SA’s shocking literacy stats

File photo: Experts have blamed poor litercay levels on pupils being taught to "parrot" rather than read independently.

File photo: Experts have blamed poor litercay levels on pupils being taught to "parrot" rather than read independently.

Published Oct 22, 2013


Durban - The literacy level of South African Grade 5 pupils is a “national catastrophe”.

The consequence of pupils being taught to “parrot” rather than read independently was that, after five years of school, 13 percent of Grade 5s (11-year-olds) were illiterate and most were able to score no more than four out of 20 on a comprehension exercise, new data from the national education evaluation and development unit, has revealed.

Speaking in Durban on Monday, Nick Taylor, the head of the unit which reports directly to Basic Education Minister Angie Motshekga, said that, from the classroom research conducted in urban and rural areas, it had become “quite clear that most of our teachers can’t teach reading”.

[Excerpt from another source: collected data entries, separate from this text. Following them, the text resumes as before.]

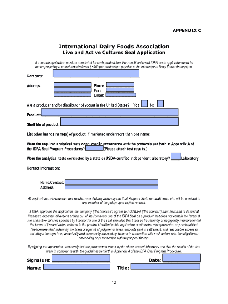 APPENDIX International Dairy Foods Association Live and Active Cultures Seal Application separate application must be completed for each product line. For nonmembers of IDFA, each application must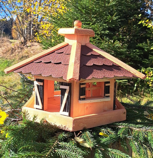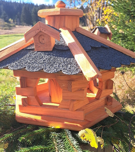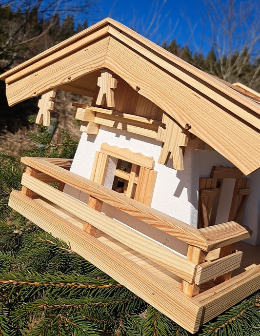 Vogelhaus Futterhaus Lärchenholzdach Almhütte Häuschen A1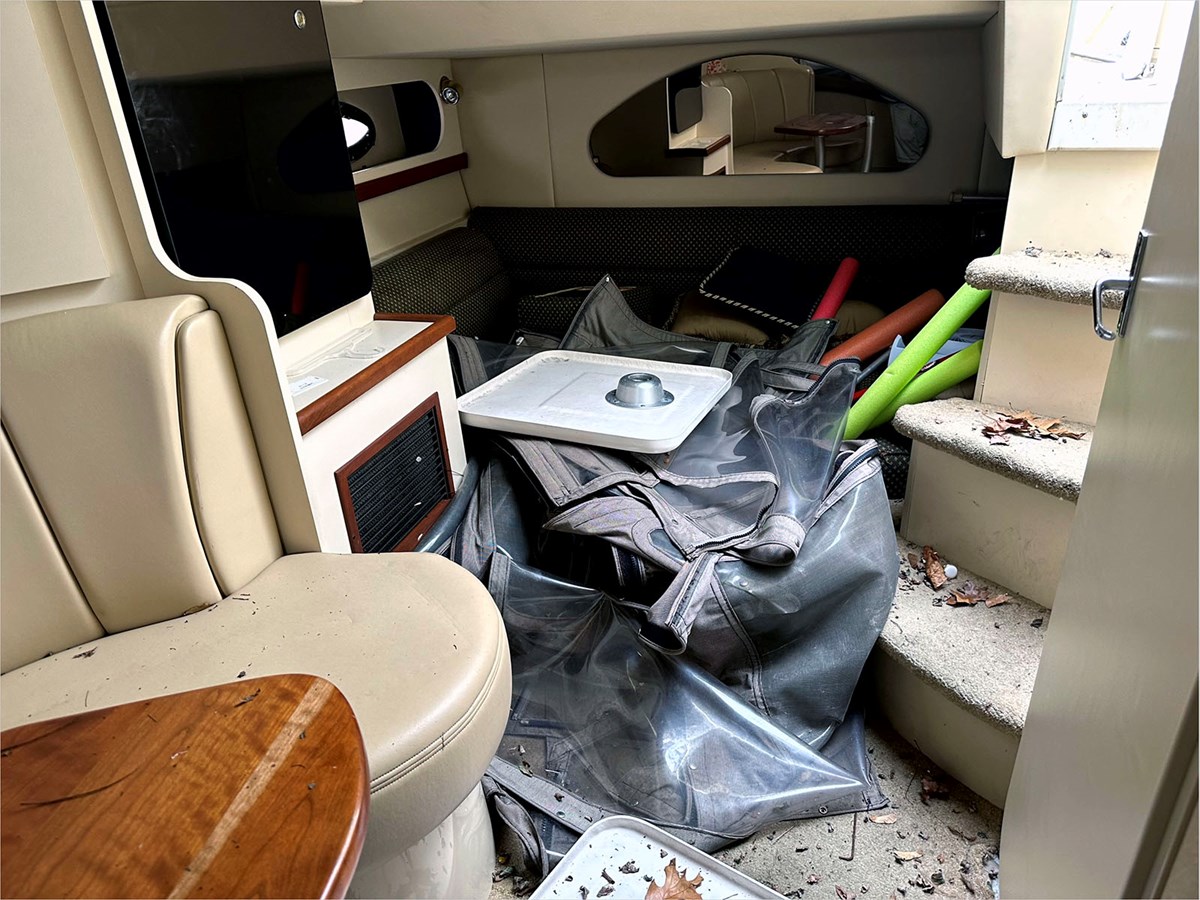 While it may require some fiberglass work due to a suspected collision in the water, it's worth noting that there's minimal visual water damage, as there's no water line evidence in the cabin. The owner asserts that the engines are operational; however, the props may require replacement or professional repair. We invite you to inspect the vessel and assess it as you like to make your best offer. Don't miss out on this chance to make it your own!

This was despite several years and billions of rand worth of teacher training later.

Earlier this year, Taylor’s unit released the first national evaluation of how pupils in grades 1, 2 and 3 (the foundation phase) in urban schools were taught, marking a shift off the emphasis on Grade 12.

The upshot of the report was that pupils were not taught to solve numeracy problems or read independently because most teachers did not know how to teach these skills.

This year the unit has extended its work to later grades, focusing on reading in rural schools. Its final report will be handed to Motshekga early next year.

“As far as I’m concerned this is a national catastrophe,” Taylor told a meeting of the National Professional Teachers’ Organisation of South Africa (Naptosa), at which he was the guest speaker, and which was attended by principals, school governing body members and politicians.

Taylor said it was “deeply disturbing” that in the classrooms visited by the unit this year, just 5 percent of Grade 5 pupils could read at the required rate of 80 to 90 words a minute.

In the urban Grade 2 classrooms the unit studied last year, it found that while the average eight-year-old was meant to be reading 58 words a minute by the end of the second term, and 71 words a minute by the end of the fourth term, this was not the case.

Instead, when the reading fluency of the top three pupils in each class was observed, researchers found that most were reading between 20 and 29 words a minute.

Teachers could no longer afford to shut their heads of departments (HODs) out of their classrooms, because if the situation was to be remedied, reading had to be declared a “national priority” and professional development needed to take place at school.

Taylor said that teachers were putting far too little emphasis on the ultimate goal, which was independent reading – children were simply “singing in unison”.

Despite teachers’ poor subject knowledge, the large majority of them were considered qualified.

In 1990, 53 percent of teachers held a teaching qualification. By last year, that figure stood at 96 percent. But there was a gap between qualifications and competence.

“While it was true that resourcing, policy and school leadership are all very important, once children are in classrooms, learning depends heavily on the teacher.”

Taylor said that the growth in the number of teachers who held teaching qualifications had been fuelled by the Advanced Certificate in Education courses, which were offered part-time by universities. But the courses had failed to address poor subject knowledge.

Turning to his recommendations, Taylor said that teachers’ unions would be key to turning the situation around.

They needed to help dispel the belief that for teachers to be monitored by their school management team was “about judging”.

The notion that school managers should not visit classrooms was both “rife” and “disastrous”.

“When teachers go into their classrooms, they close the door and that is their kingdom.”

Taylor said that as far as teacher training was concerned, afternoon workshops were “a waste of time”, and that district-based subject advisers were overwhelmed, being responsible for up to 300 schools.

“I want to promote the idea of in-school professional development. The HOD is the person on site who knows her teachers, who can help her teachers on a daily basis,” Taylor said.

Basil Manuel, the president of Naptosa, told the meeting it was “unacceptable” that HODs were not visiting classrooms and not evaluating teachers for fear of upsetting certain teachers.

It was the core responsibility of an HOD to manage the curriculum and monitor its delivery, Manuel said.